= Abel Kayembe =

Malawian politician

Abel Kayembe is a Malawian politician, researcher and entrepreneur. He is the Member of Parliament for Dowa West Constituency in Malawi for Malawi Congress Party and former Deputy Minister for Foreign Affairs and International Cooperation.

==Background==
Ephraim Abel Kayembe was born in 1973 in Dzoole Village, Dowa, Malawi where he grew up and had his early education. He then attained a PhD in International Relations and Political Diplomacy with Central China Normal University and Masters in Science in Strategic Management and BSc with the University of Malawi, Chancellor College.

==Career==
In 2000, Abel Kayembe was appointed Projects Coordinator for the Ministry of Agriculture, Irrigation and Water Development and in 2005 he joined Food and Agriculture Organisation of the United Nations’ National Water and Irrigation Programme. In 2009, he began his political career with Malawi Congress Party when he contested his first election, 2009 Malawian general election to become Parliamentarian for Dowa West Constituency which he won and he was Member of Parliament for that constituency from 2009 to 2014 when he lost the 2014 Malawian general election to Kusamba Dzonzi. He appointed as acting Leader of Opposition in Parliament in 2009 to 2010.

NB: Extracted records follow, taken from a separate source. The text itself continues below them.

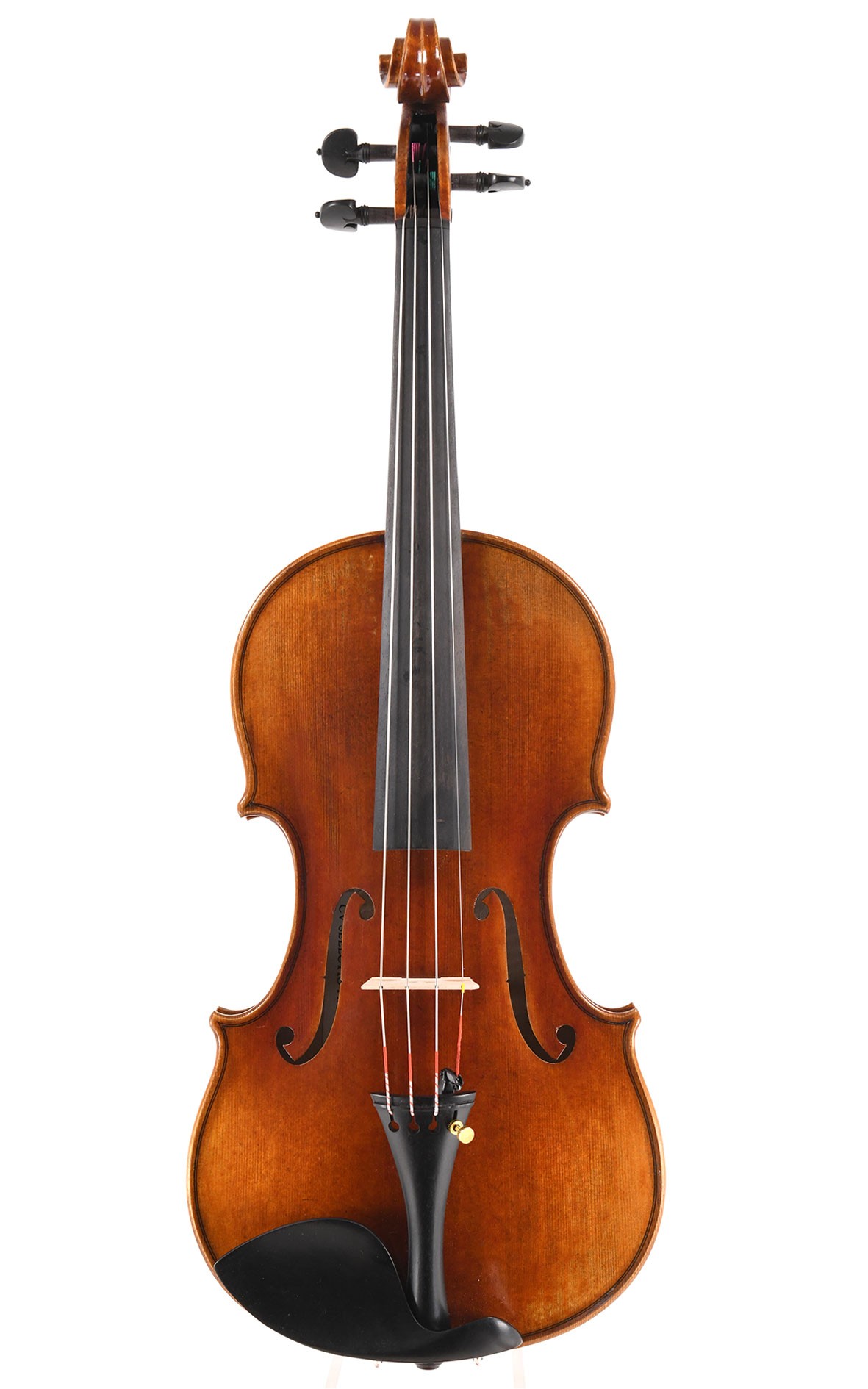 This good violin after Guarnerius, built in 2008, is a new instrument with an exceptionally good and mature sound, full of character and resonance, well-balanced across the strings. This modern violin is a work of good craftsmanship, following the patterns of the Giuseppe Guarneri del Gesu Lord Wilton violin. With its transparent and luminous orange-brown oil varnish over a golden yellow ground, showing no trace of use, this powerful violin is of a very attractive appearance. It has been set up and worked over meticulously by our luthiers and is, like all violins from us offered in immediate playing condition.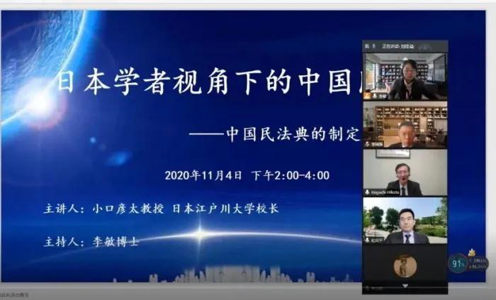 继续教育培训网首页11月4日下午,大连海事大学法学院邀请江户川大学校长小口彦太教授为法学院师生作题为“日本法学视角下的中国民法典——中国民法典的制定与合同法”的讲座。法学院院长初北平在讲座中发表亲切致辞,李国强教授、黄芬副教授担任与谈人,海大数百余名师生线上参与了此次讲座,讲座由法学院李敏老师主持。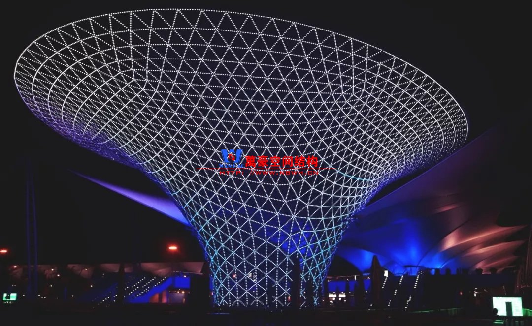 有的天幕雖然設(shè)計為曲面,但其曲面形狀的力學(xué)性能差,結(jié)構(gòu)受力仍然以抗彎為主。這類曲面天幕結(jié)構(gòu)與樹形柱相結(jié)合,才能以較細(xì)小的結(jié)構(gòu)構(gòu)件完成。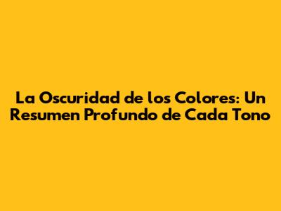 La Oscuridad De Los Colores: Un Resumen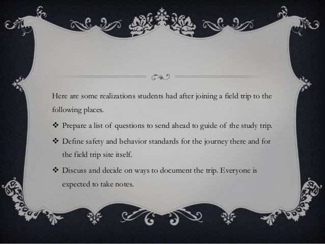 - Here are some realizations students had after joining a field trip to the following places. Prepare a list of questions to send ahead to guide of the study trip. Define safety and behavior standards for the journey there and for the field trip site itself. Discuss and decide on ways to document the trip. Everyone is expected to take notes.

In 2012, he joined People's Party (Malawi) and was appointed in Malawi cabinet as Deputy Minister of Foreign Affairs and International Cooperation during Joyce Banda’s presidency. During that period, he participated in bilateral meetings over the issue of Lake Malawi boundary dispute with Tanzania. He also chaired inter- ministerial committee that reviewed and developed new governance framework for Malawi. He was then awarded Voluntary Service Overseas Award on Caregivers Policy Advocacy in 2012.

Abel Kayembe in 2019 contested the Dowa West Constituency in the 2019 Malawian general election for the parliamentary seat under Malawi Congress Party. He and former minister Halima Daud both won back their seats. Kayembe was appointed chairperson of the Commonwealth Parliamentary Association the same year.
Before winning the 2019 Parliamentary election, Ephraim worked as an adjunct Lecturer of Public Policy Development, Organizational Change Management and Political Economy at Malawi Institute of Management and DMI St. Eugene University of Zambia.

In 2022, Abel Kayembe was appointed chairperson of the Population and Sustainable Development parliamentary committee to advocate for population management the country.